9. A video data encoding and decoding apparatus applied to an encoding end, comprising:

the detection unit is used for determining a first number of key video frames from a current video stream to be encoded under the condition that the current network condition does not reach the preset network condition, wherein the key video frames are video frames with the largest characteristic key points in the current video stream to be encoded, the characteristic key points are used for identifying target objects in the video stream to be encoded, and the first number and the number of video frames included in the current video stream to be encoded form a positive correlation;

The obtaining unit is used for obtaining multi-frame associated video frames associated with the key video frames in the video stream to be encoded and key point data of each frame of associated video frame in the multi-frame associated video frames, wherein each key video frame is associated with a second number of associated video frames, and the second number is obtained by limiting a number range according to a preset associated range;

The adding unit is used for adding a plurality of groups of key point coding data corresponding to the multi-frame associated video frames into preset fields of key coding data respectively to construct transmission data, wherein the key coding data are data obtained by data coding the key video frames, the key point coding data comprise coding data of the key point data of the associated video frames, and the transmission data are used for being sent to a decoding end so that the decoding end can obtain the key video frames and the multi-frame associated video frames associated with the key video frames based on the transmission data.

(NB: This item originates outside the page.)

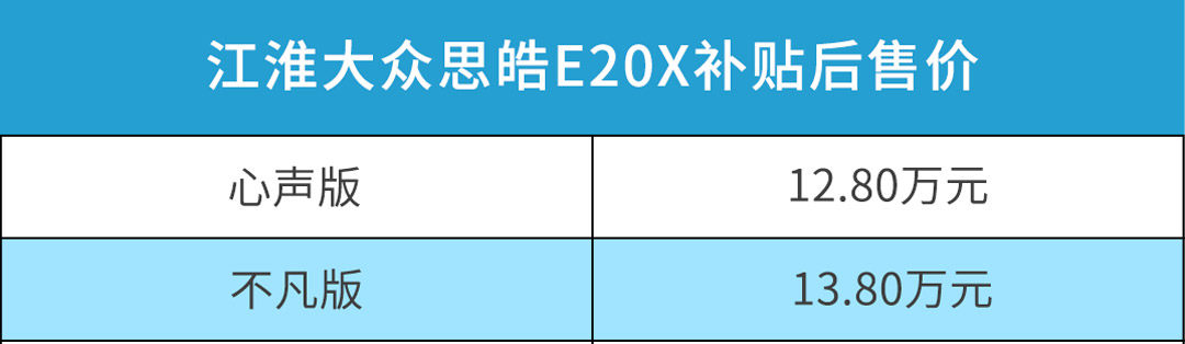 作为江淮汽车和大众汽车合资后的首款车型,思皓E20X到来意义重大。它标志着江淮大众的电气化项目落地,同时,也能够推动大众在中国新能源战略的实施。比较遗憾的是,新车各方面表现都不尽人意,卖点并不突出,12.8万元起步的售价偏贵,在强者林立的新能源汽车市场里,思皓E20X能否为江淮大众打响“开门红”成为疑问。

10. A video data encoding and decoding apparatus applied to a decoding end, comprising:

The determining unit is used for determining key coding data included in the transmission data and a plurality of groups of key point coding data positioned in a preset field of the key coding data under the condition that the transmission data sent by the coding end are received;

The decoding unit is used for decoding the key coding data and the plurality of groups of key point coding data to obtain key point data of a first number of key video frames and a plurality of groups of associated video frames associated with the key video frames, wherein the key point data are data corresponding to target key points of the key video frames in the associated video frames, the key video frames are video frames with the most characteristic key points in the transmission data, the characteristic key points are used for identifying target objects in the transmission data, the first number and the number of video frames included in the transmission data form a positive correlation, each key video frame is associated with a second number of associated video frames, and the second number is obtained by limiting a number range according to a preset association range;

the generating unit is used for inputting the key point data and the key video frames into a generating countermeasure network, and acquiring the analog associated video frames which are output by the generating countermeasure network and are associated with the associated video frames, wherein the generating countermeasure network is trained to carry out image restoration generation on the key point data by utilizing the key video frames, and the analog associated video frames and the key video frames are used for constructing videos to be played.

11. A computer readable storage medium, characterized in that the computer readable storage medium comprises a stored program, wherein the program when run performs the method of any one of claims 1 to 8.

12. An electronic device comprising a memory and a processor, characterized in that the memory has stored therein a computer program, the processor being arranged to execute the method according to any of the claims 1 to 8 by means of the computer program.